Redefining and Reclaiming Financial Literacy With over thirty-six years of industry experience, Cindy Couyoumjian is committed to filling the financial literacy void for many Americans. In her timely and thought-provoking book, Cindy gives a unique macro perspective of what she calls "the hidden forces behind your money, " which are the unseen political and economic forces that may influence your investment decisions. ?Through meticulous research, Cindy shows how these hidden forces have contributed to a complex retirement system, which includes pensions, social security, and what she believes is the outdated 60/40 investment model. To address this issue, Cindy spent endless hours developing a new multi-asset class investment methodology, known as the REALM model, that may offer broader investment strategies aimed to mitigate risk from the hidden forces that may negatively impact your goals.
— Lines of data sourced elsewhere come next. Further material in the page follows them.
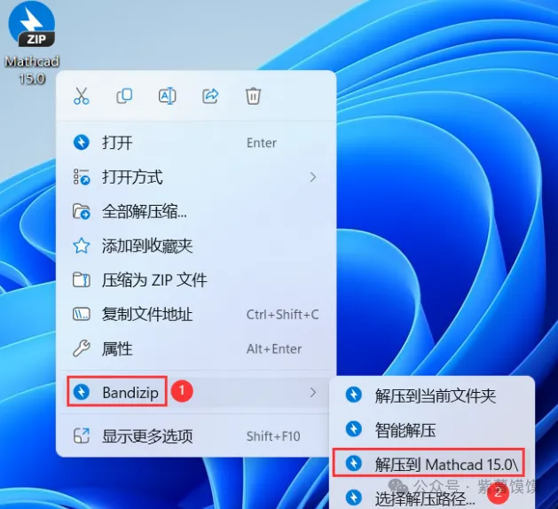 1、下载Mathcad 15.0软件安装包到电脑上,右键选择【解压到Mathcad 15.0\】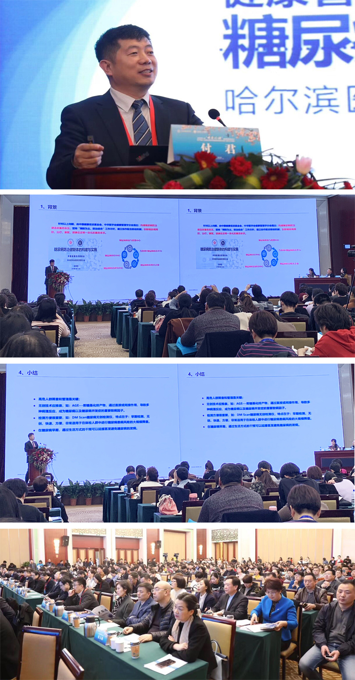 会议期间,哈尔滨医科大学附属第一医院体检会诊中心主任、体检与健康评估学组组长付君教授做了主题为“糖尿病在健康管理中心筛查路径、指南及管理”的报告,报告从“糖尿病的流行现状”、“糖尿病筛查传统方法”、“糖基化终产物(AGE)与糖尿病的关系”、“糖基化终产物(AGE)筛查糖尿病临床应用研究”等方面对糖尿病无创检测仪(DM Scan)及其临床应用进行了专题报告、交流。付君教授指出,糖基化终产物(AGE)是糖尿病重要的致病因子,利用光学的方法实现对AGE的检测,具有无创、快速、准确等优势。付君教授也分享了糖尿病无创检测仪(DM Scan)在全国多中心的临床应用研究结果,结果证明,通过对糖基化终产物的检测,可准确、快速筛查糖尿病及糖耐量减低人群,为健康管理中心筛查糖尿病或糖耐量减低人群提供了新的方法,具有较好的社会效益和经济效益。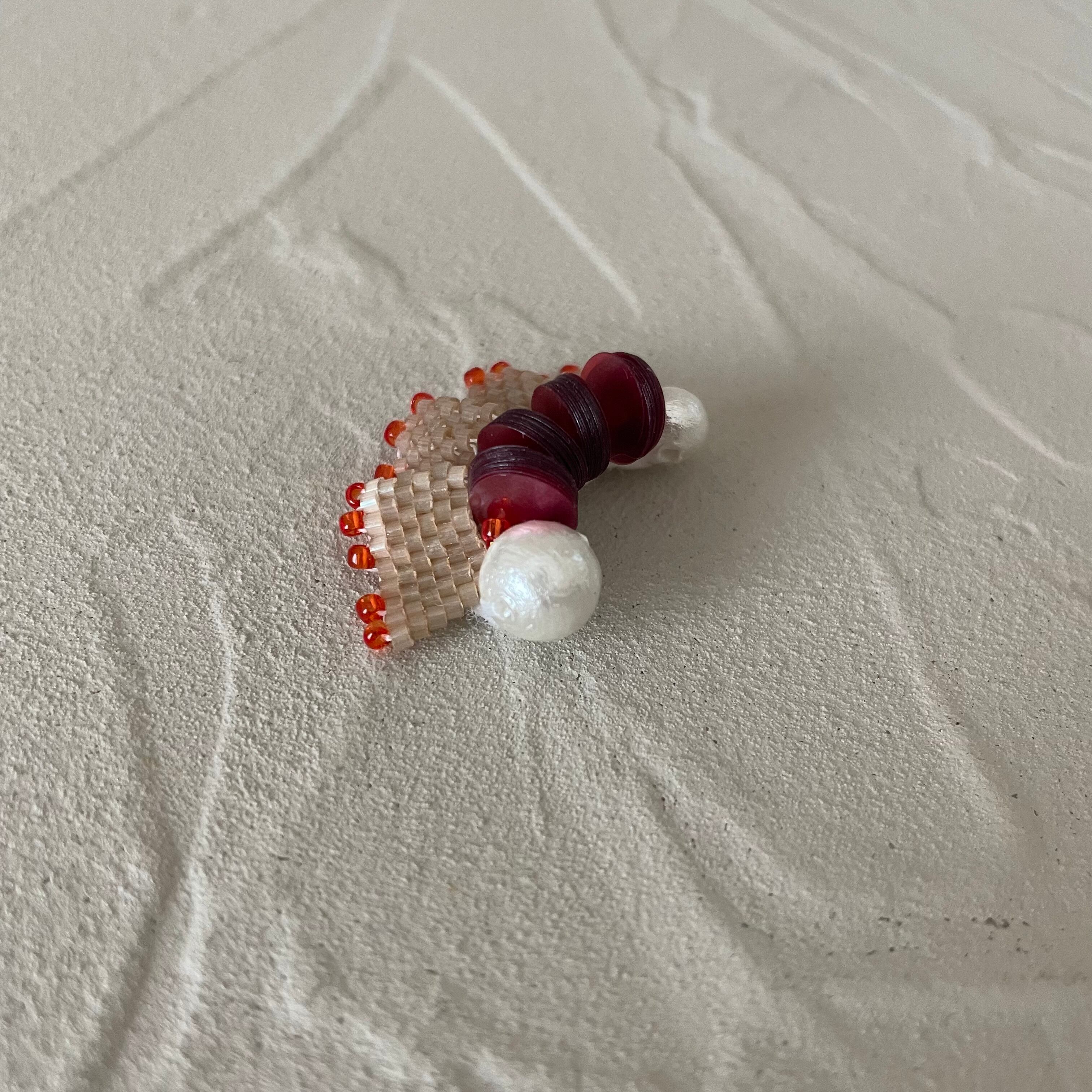 赤のシードビーズとブドウ色のスパンコールにグレージュのガラスビーズがキラキラと上品な組み合わせのデザイン。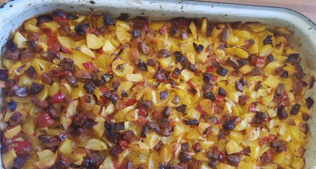 Směs urovnejte v pekáči a dejte péct do předehřáté trouby. Pečte, dokud nejsou brambory úplně měkké a uzenina krásně opečená. Doba závisí na velikosti nakrájených brambor, obvykle to trvá kolem 45 minut.
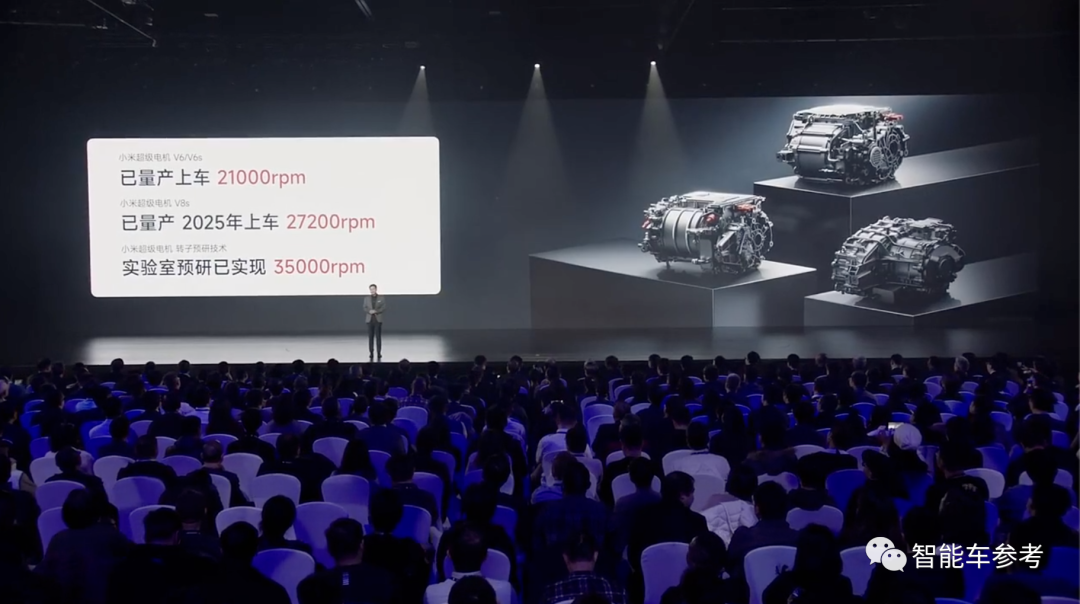 同时,雷军还预告了完全自研的下一代电机——超级电机V8s,转速直接达到27200rpm,比行业最领先水平还要高113%。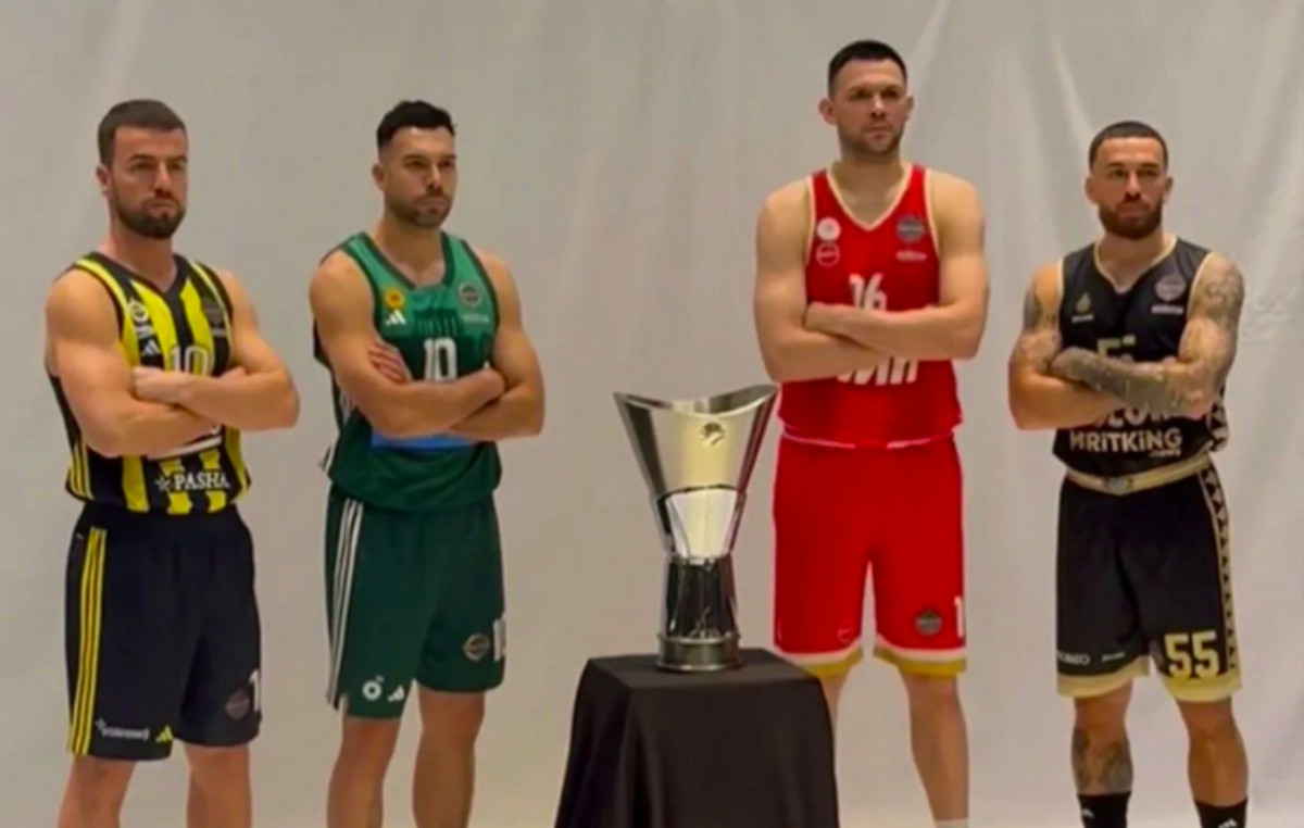 Οι αρχηγοί των τεσσάρων ομάδων του Final Four 2025 στο Άμπου Ντάμπι, Κώστας Σλούκας (Παναθηναϊκός), Κώστας Παπανικολάου (Ολυμπιακός), Μάικ Τζέιμς (Μονακό). Και Μελίχ Μαχμούτογλου (Φενέρμπαχτσε), φωτογραφήθηκαν όλοι μαζί με το τρόπαιο της EuroLeague.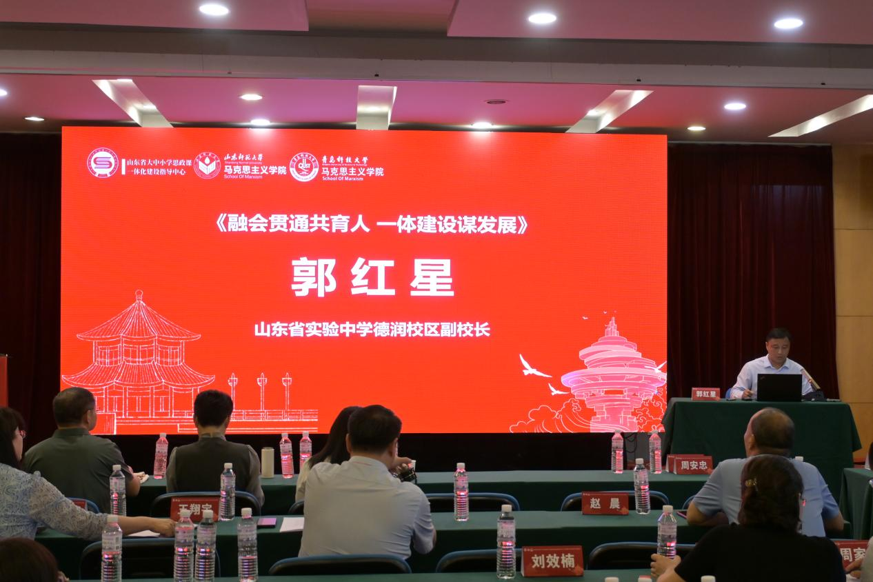 山東省實驗中學(xué)德潤校區(qū)副校長郭紅星以《融會貫通共育人一體建設(shè)謀發(fā)展》為題發(fā)言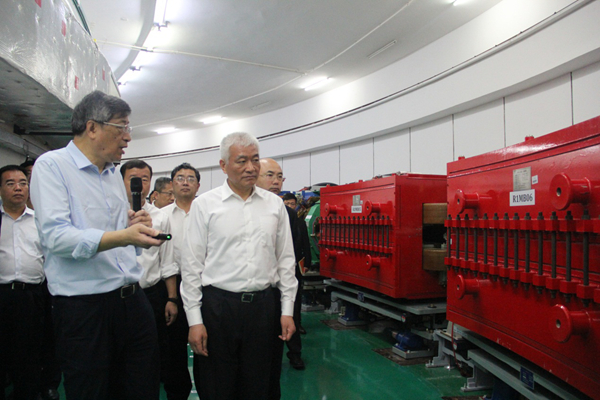 随后,王志刚一行赴现场参观了直线加速器、快循环同步加速器、加速器中央控制室以及靶站谱仪大厅。参观过程中,他详细了解了CSNS各项设备的原理和设计加工制造情况,高度评价了CSNS的工程建设和设备的国产化率,强调要“用好”这项大科学装置,充分发挥它的作用。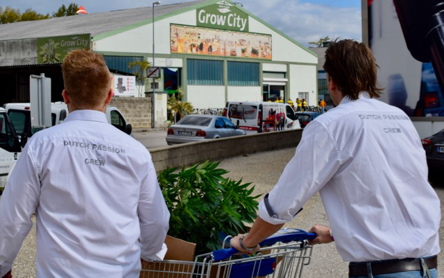 The result was a surreal trek back to the trade show with the Dutch Passion guys pushing along their cart full of cannabis plants.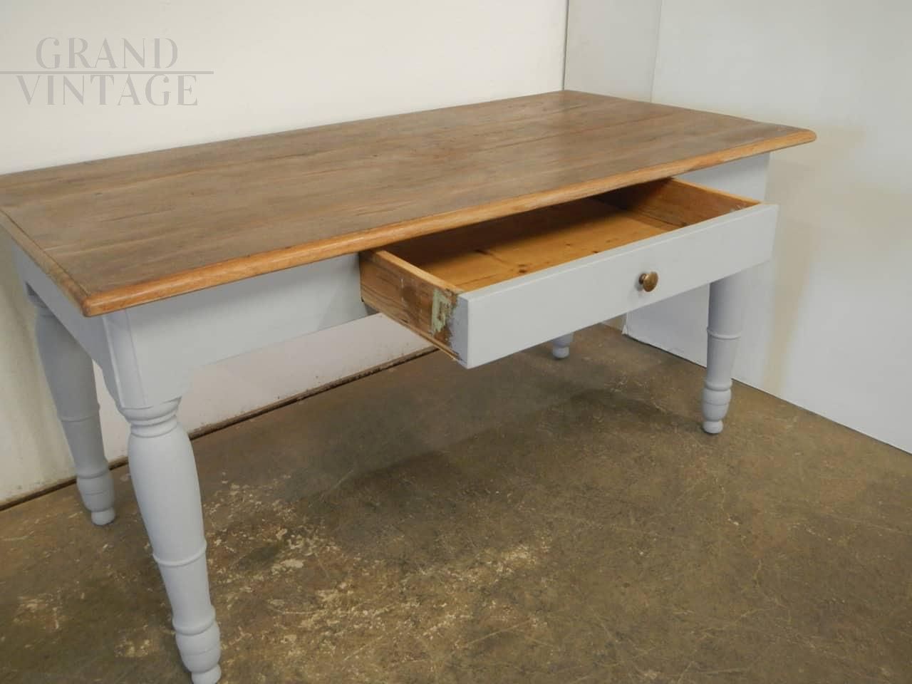 Tavolo vintage anni '50 in legno di castagno con struttura laccata grigia e piano in legno naturale, gambe tornite e cassetto con larghezza 67 cm e altezza 9 cm. Spazio per la seduta cm 64. In buone condizioni.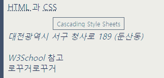 - abbr : abbreviation, 약자, 또는 생략어, 태그 내에 축약어를 적는데 사용하며,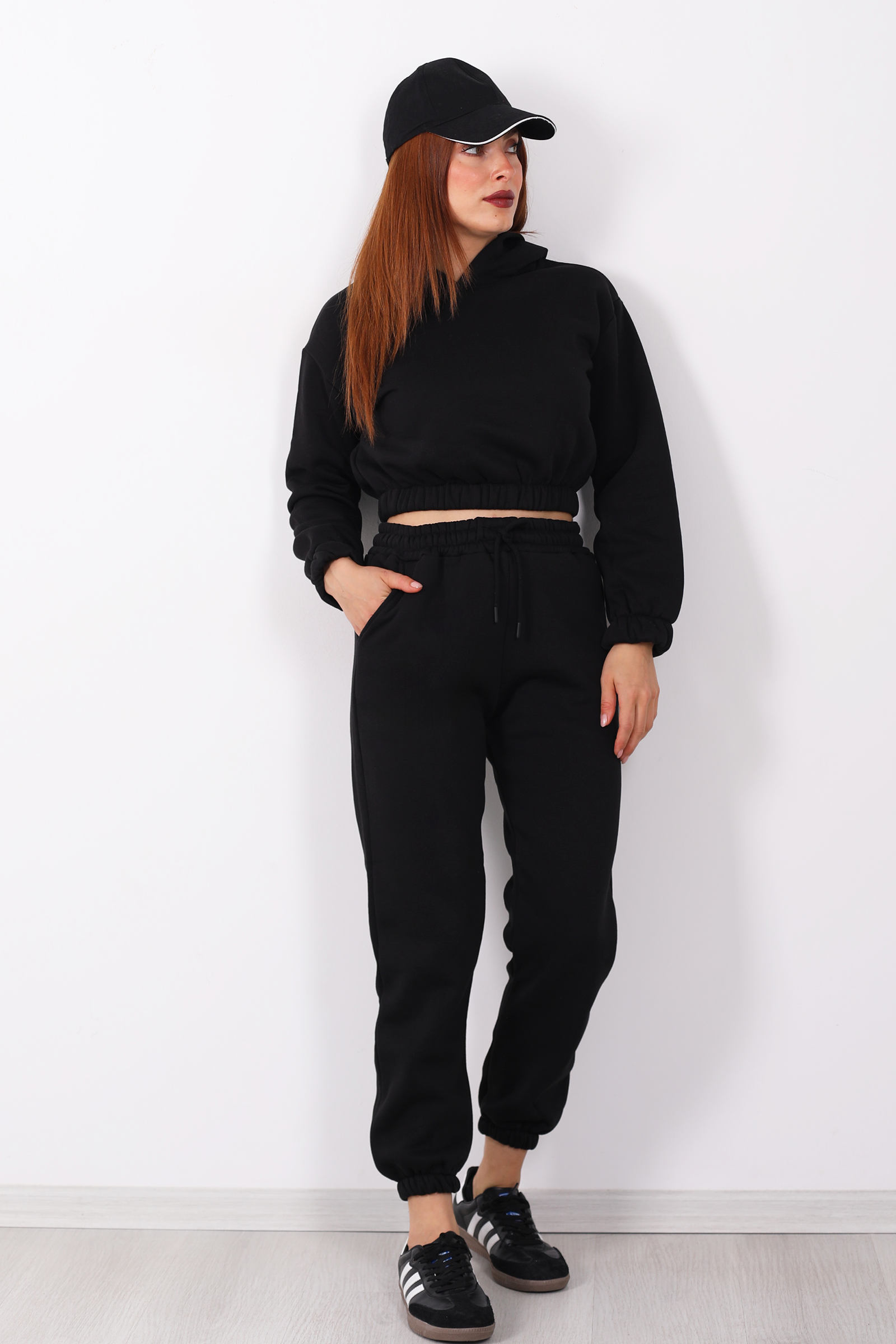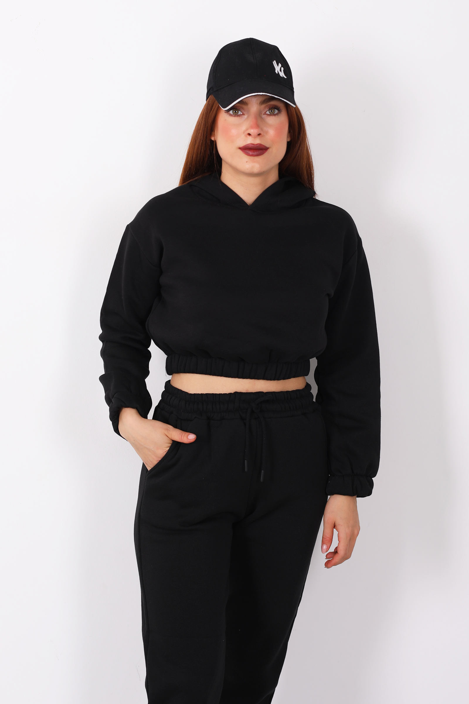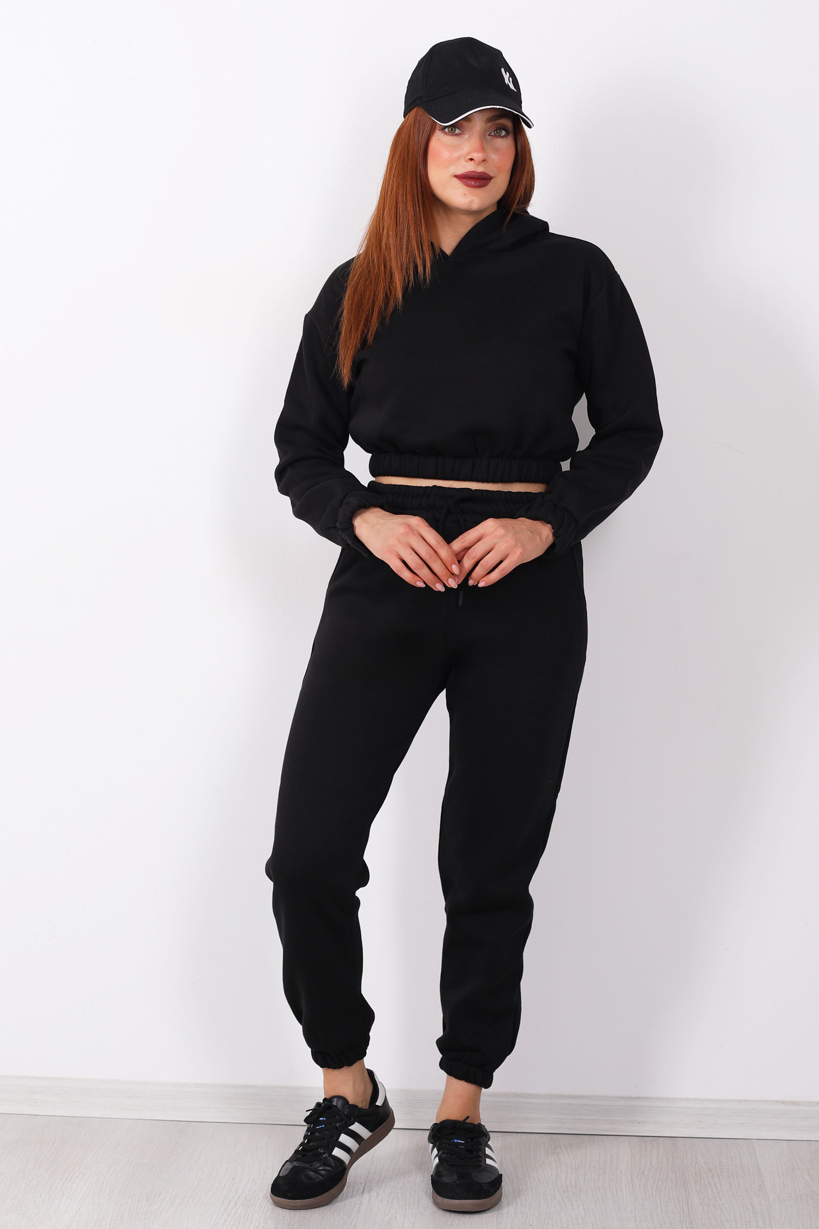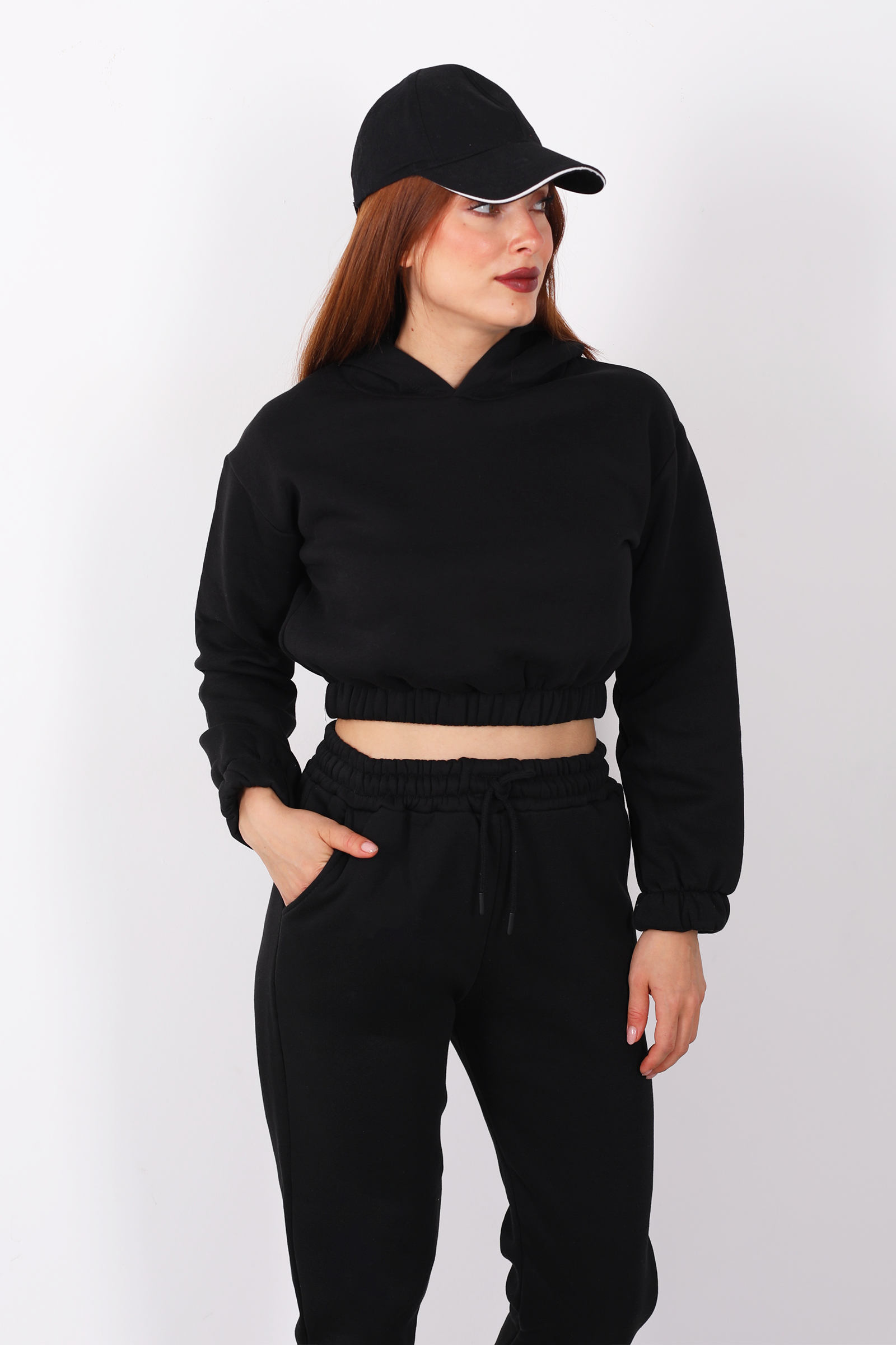 Siyah rengiyle zamansız bir şıklık sunan bu kapüşonlu sweat takım, üç iplik şardonlu kumaş yapısı sayesinde iç kısmı son derece yumuşak, sıcak tutan ve konforlu bir dokuya sahiptir. Günlük kullanım için ideal olan bu takım, hem evde dinlenirken hem de dışarıda spor, yürüyüş ya da günlük aktivitelerde rahat bir stil yakalamanıza yardımcı olur. Rahat kalıbı sayesinde hareket özgürlüğü sağlar; esnek yapısı gün boyu konfor sunarken kapüşon detayı takıma sportif bir hava katar.

Redefining Financial Literacy can help you • Understand the complex macro forces that you cannot control, yet could determine your financial future,
• Take actionable steps to regain command of your retirement strategy,
• Build a retirement with potential durable income strategies, lesser volatility, and risk-adjusted returns. Redefining Financial Literacy and Cindy's innovative REALM model can open your eyes to investment possibilities while helping you regain confidence in the American dream. Diversification does not guarantee profit nor is it guaranteed to protect assets. There is no assurance that any strategy/model will achieve its objectives.
Registered Principal offers securities and advisory services through Independent Financial Group, LLC (IFG), a Registered Investment Adviser. Member FINRA/SIPC. IFG, Cinergy Financial, and Greenleaf Book Group are not affiliated companies.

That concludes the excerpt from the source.